Con ademanes metódicos abrió la redondeada lata de “Dunhill Nightcap” y llenó la cazoleta de tabaco. Le resultaba muy relajante fumarse una pipa después de una actuación y aquella noche la necesitaba más que en otras ocasiones por la singularidad del concierto que acababa de finalizar.

Aun se escuchaban los murmullos de aprobación con los que el público teñía sus comentarios al abandonar el Auditorio por el pasillo central del mismo.

Hacía calor en la pequeña estancia. De forma pausada Gottlieb se despojó del chaleco  y desanudó de su cuello el lazo blanco de seda. Antes de reclinarse en el sofá, no pudo evitar contemplar su rostro unos instantes ante el espejo del camerino. El  cristal rodeado de bombillas le devolvió  la imagen de un hombre aún joven en plena madurez. Cabello rubio, rostro fuerte  pero frágil, ojos azul intenso bastante juntos, huesos y ligamentos elegantemente formados.

Cuando con gesto decidido se dirigía al mueble bar en busca de la botella de “Kilbeggan” su whisky favorito,  escuchó sobre la puerta el suave golpe repetido de unos nudillos. Justo en ese preciso instante, el músico rememoraba como hacía casi siempre que degustaba el licor irlandés  su estancia en aquel país. Aunque alemán de nacimiento pues era  oriundo de una de las ciudades con más tradición musical, Mannheim, impulsora de la famosa escuela del mismo nombre  bajo la batuta de su admirado Johann Stamitz, su verdadera formación como Director la había realizado en la Orquesta Sinfónica de la Radio de Dublín.  Allí a las órdenes del maestro Jean Martinon, aprendió los secretos de la Escuela francesa de Dirección y comenzó a moldear el estilo que le había hecho famoso. Allí también  adquirió esa ductilidad interpretativa que le caracterizaba y que le hacía cambiar radicalmente su discurso musical según ejecutara música francesa o alemana. Por eso, la crítica especializada no dudaba en calificar a Gottlieb  como uno de los más distinguidos interpretes  de la música orquestal de Ravel o Debussy.
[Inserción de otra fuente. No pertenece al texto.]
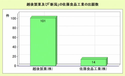 また分析に戻ってしまいますが、お付き 合いください。 まず、佐藤食品工業と、越後製菓の特許 出願数を見てみましょう。今回は、登録実用 新案出願もありそうなので、特許、実用新案の 両方で、どれくらいなのか全出願を見てみましょう。 あれー、おかしい…

La puerta se abrió para dar paso a una mujer esbelta embutida en un elegante vestido de noche de seda negra. El pelo lacio y ondulado de tonos dorados  iba recogido en una gruesa trenza aunque dejaba caer los bucles naturales sobre los hombros femeninos. Su mano derecha sujetaba con firme delicadeza el instrumento musical. Una flauta travesera “Muramatsu”.

Gottlieb  recibió a la recién llegada  tendiéndole la mano con un gesto galante, pero ella estrechó la distancia inicial entre ambos para besarlo en la mejilla con un ademán casi furtivo.

“Estuvo  usted fantástica Ingrid, sobre todo en el primer movimiento de ´El holandés errante´, pero por favor tome asiento” dijo a modo de saludo.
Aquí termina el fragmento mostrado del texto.